Web scraping Spotify data opens up incredible possibilities for music analysts, playlist curators, market researchers, and developers building music-related applications. Whether you're tracking chart positions, analyzing artist popularity trends, or building recommendation engines, having access to structured Spotify data is invaluable.

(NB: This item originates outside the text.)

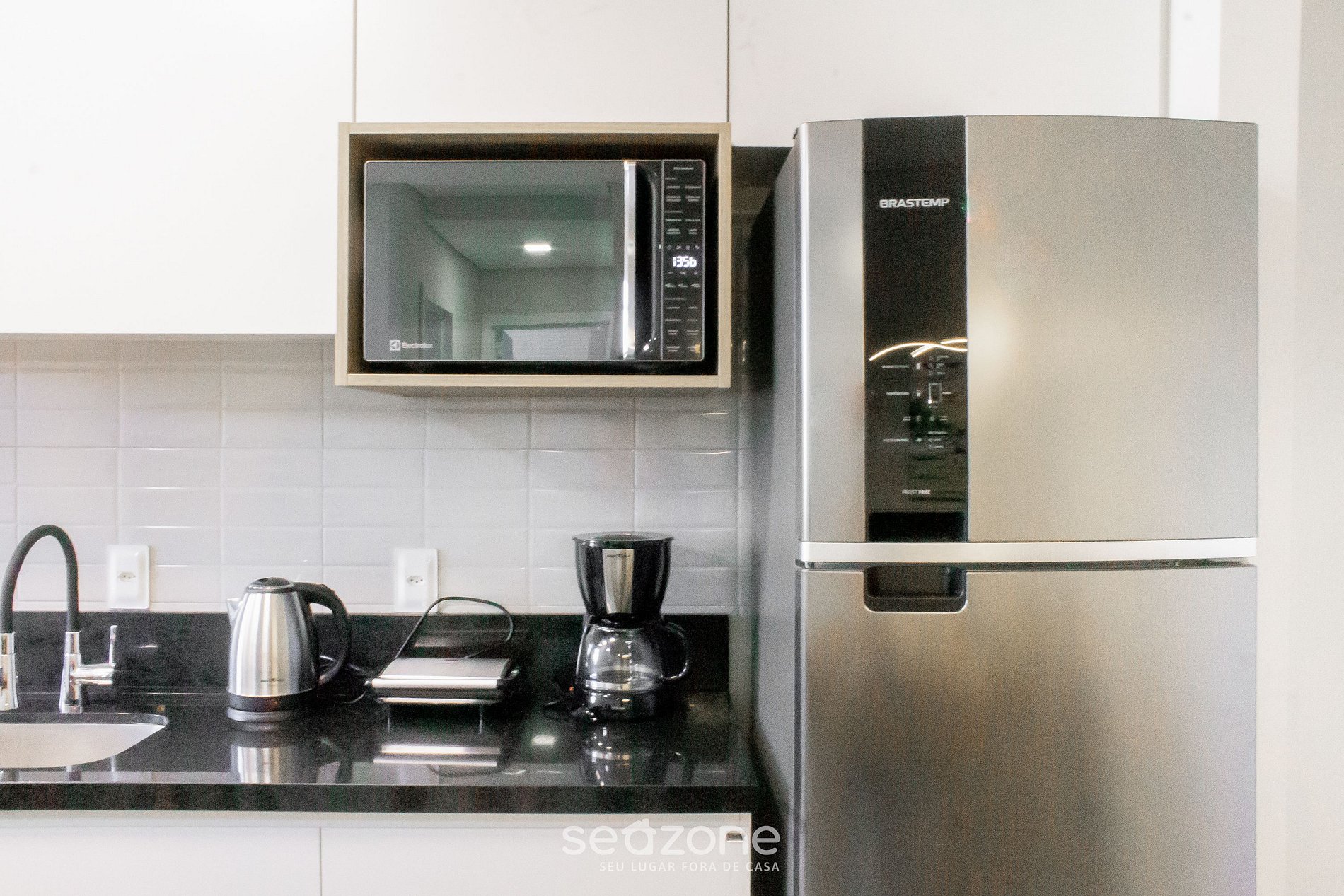 - Cozinha completa com geladeira, fogão cooktop, forno elétrico, micro-ondas, sanduicheira, cafeteira, chaleira elétrica, liquidificador, panelas, louças e utensílios;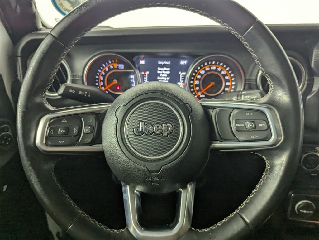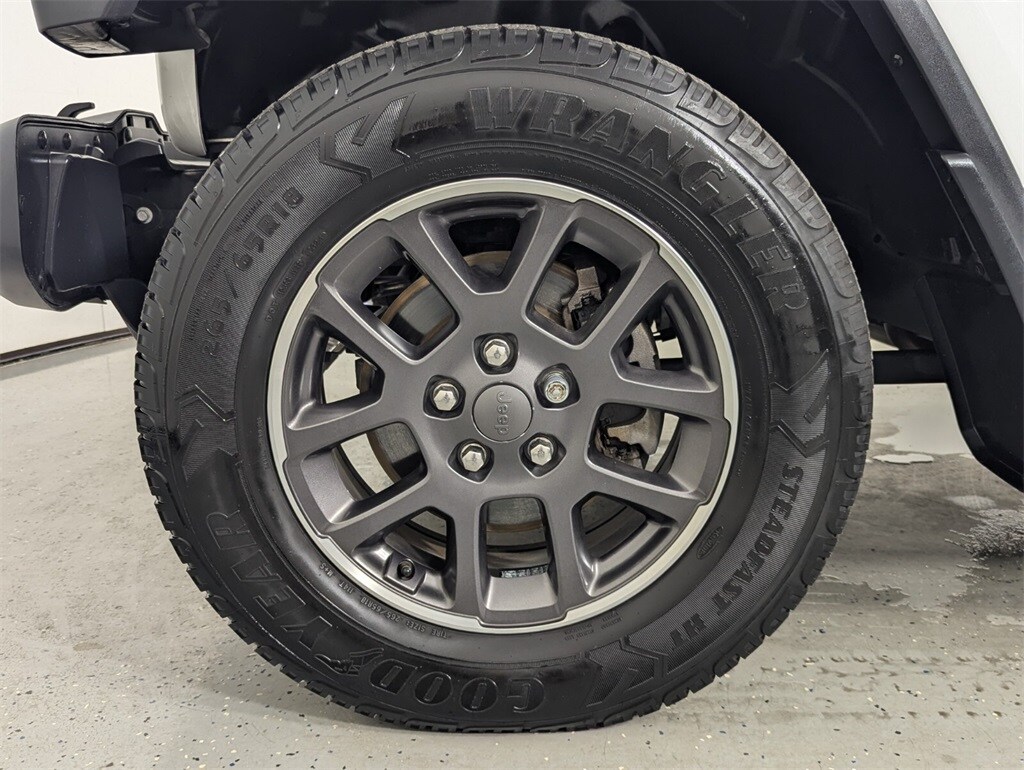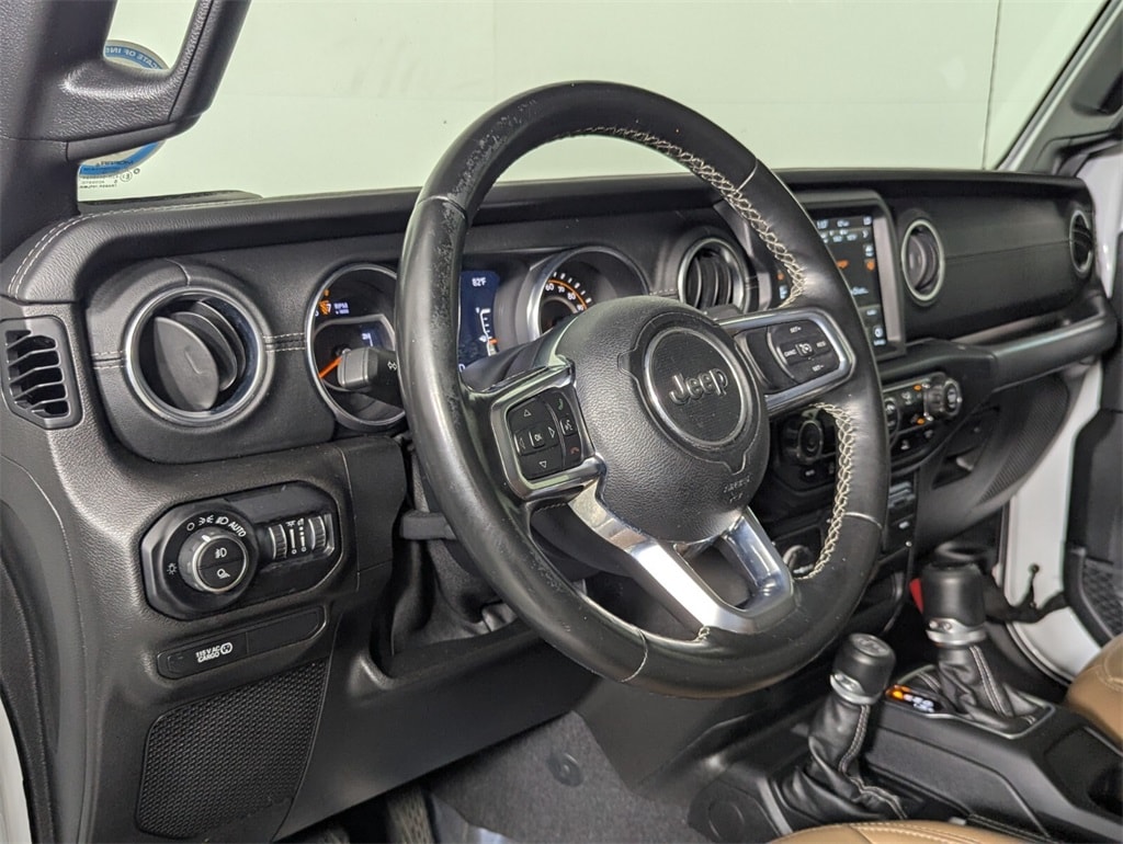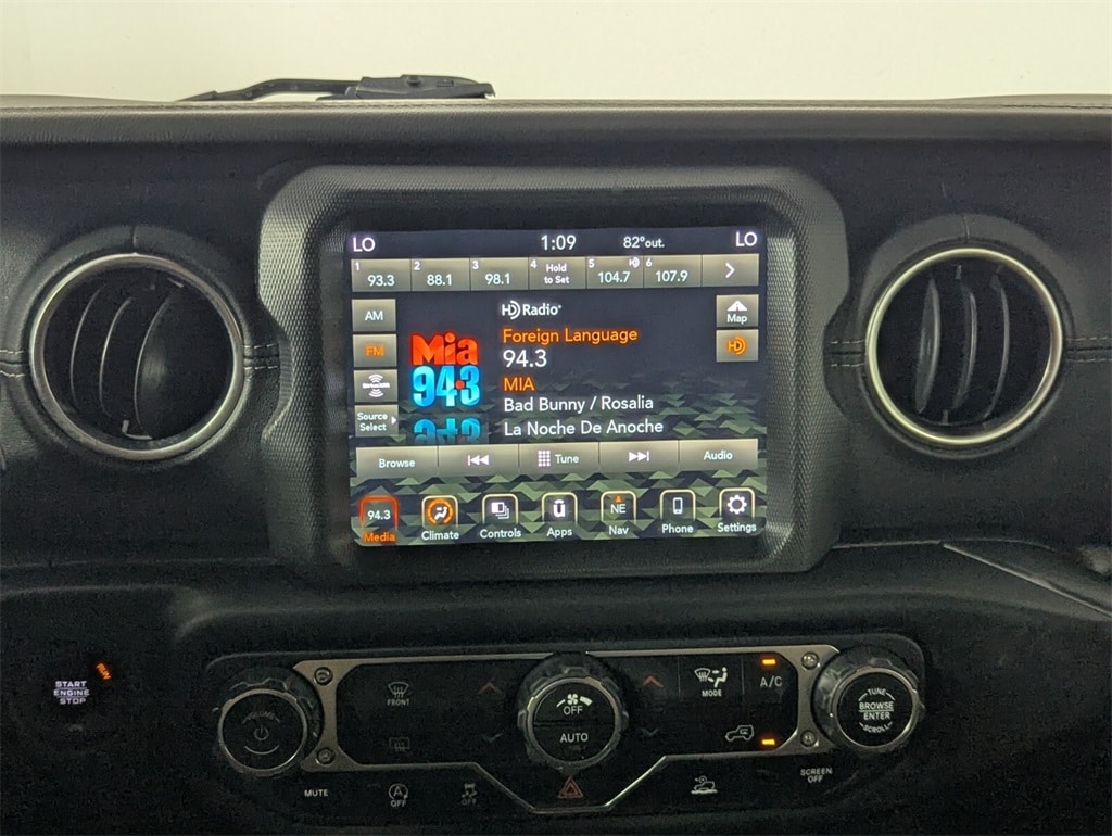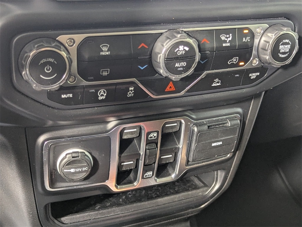 This Gladiator is well equipped with 8.4" Radio & Premium Audio Group (1-Year SiriusXM Guardian Trial, 5-Year SiriusXM Traffic Service, 5-Year SiriusXM Travel Link Service, Alpine Premium Audio System, Auto-Dimming Rear-View Mirror, Emergency/Assistance Call, For Details, Visit DriveUconnect.com, HD Radio, Radio: Uconnect 4C Nav w/8.4" Display, SiriusXM Traffic Plus, and SiriusXM Travel Link), Cargo Group w/Trail Rail System (240 Amp Alternator, 400W Inverter, Exterior 115V AC Outlet, and Lockable Rear Underseat Storage), Quick Order Package 24G, Trailer Tow Package (Class IV Hitch Receiver, Heavy-Duty Engine Cooling, and Trailer Hitch Zoom), 3.73 Rear Axle Ratio, 4-Wheel Disc Brakes, 8 Speakers, ABS brakes, Air Conditioning, All-Weather Slush Mats, Alloy wheels, AM/FM radio: SiriusXM, Apple CarPlay/Android Auto, Automatic temperature control, Bluetooth Wireless Speaker, Body Color 3-Piece Hard Top, Brake assist, Compass, Delay-off headlights, Driver door bin, Driver vanity mirror, Dual front impact airbags, Dual front side impact airbags, Electronic Stability Control, Freedom Panel Storage Bag, Front anti-roll bar, Front Bucket Seats, Front Center Armrest w/Storage, Front dual zone A/C, Front fog lights, Front reading lights, Fully automatic headlights, Garage door transmitter, Heated door mirrors, Illuminated entry, Integrated roll-over protection, Leather steering wheel, Low tire pressure warning, No Soft Top, Normal Duty Plus Suspension, Occupant sensing airbag, Outside temperature display, Overland Cloth Bucket Seats, Panic alarm, ParkView Rear Back-Up Camera, Passenger door bin, Passenger vanity mirror, Power door mirrors, Power steering, Power windows, Premium Door Trim Panel, Radio data system, Radio: Uconnect 4 w/7" Display, Rear anti-roll bar, Rear reading lights, Rear Sliding Window, Rear Window Defroster, Remote keyless entry, Roll-Up Tonneau Cover, Security system, Speed control, Split folding rear seat, Spray In Bedliner, Steering wheel mounted audio controls, Tachometer, Telescoping steering wheel, Tilt steering wheel, Traction control, Trip computer, Variably intermittent wipers, Voltmeter, and Wheels: 18" x 7.5" Granite Crystal Aluminum.

In this comprehensive guide, we'll explore different approaches to extracting Spotify data — from the official Web API to web scraping techniques — and show you how to collect artist profiles, playlist data, music charts, and track metadata at scale using Apify.
Why Scrape Spotify Data?
Spotify hosts over 100 million tracks and 600 million active users. The platform generates massive amounts of publicly visible data that's useful for:
- Music industry research: Track which genres are trending, which artists are gaining traction, and how listening habits shift over time
- Playlist analysis: Understand what makes popular playlists successful — track ordering, genre mix, tempo progression
- Artist competitive intelligence: Monitor how artists compare in terms of monthly listeners, follower growth, and playlist placements
- Market research: Identify emerging artists before they break through by tracking growth metrics
- Academic research: Study music consumption patterns, cultural trends, and recommendation algorithm behavior
Spotify Web API vs Web Scraping
Before diving into scraping, it's important to understand what the official Spotify Web API offers and where scraping fills the gaps.
Spotify Web API
The Spotify Web API provides authenticated access to a rich set of endpoints:
// Example: Fetching an artist's top tracks via the API
const fetch = require('node-fetch');
async function getArtistTopTracks(artistId, token) {
const response = await fetch(
`https://api.spotify.com/v1/artists/${artistId}/top-tracks?market=US`,
{
headers: { 'Authorization': `Bearer ${token}` }
}
);
const data = await response.json();
return data.tracks.map(track => ({
name: track.name,
popularity: track.popularity,
album: track.album.name,
duration_ms: track.duration_ms,
preview_url: track.preview_url
}));
}
Pros of the API:
- Official, well-documented endpoints
- Audio features data (danceability, energy, valence)
- Clean JSON responses
- Real-time data
Limitations of the API:
- Rate limits (varies by endpoint, roughly 30 requests/second with backoff)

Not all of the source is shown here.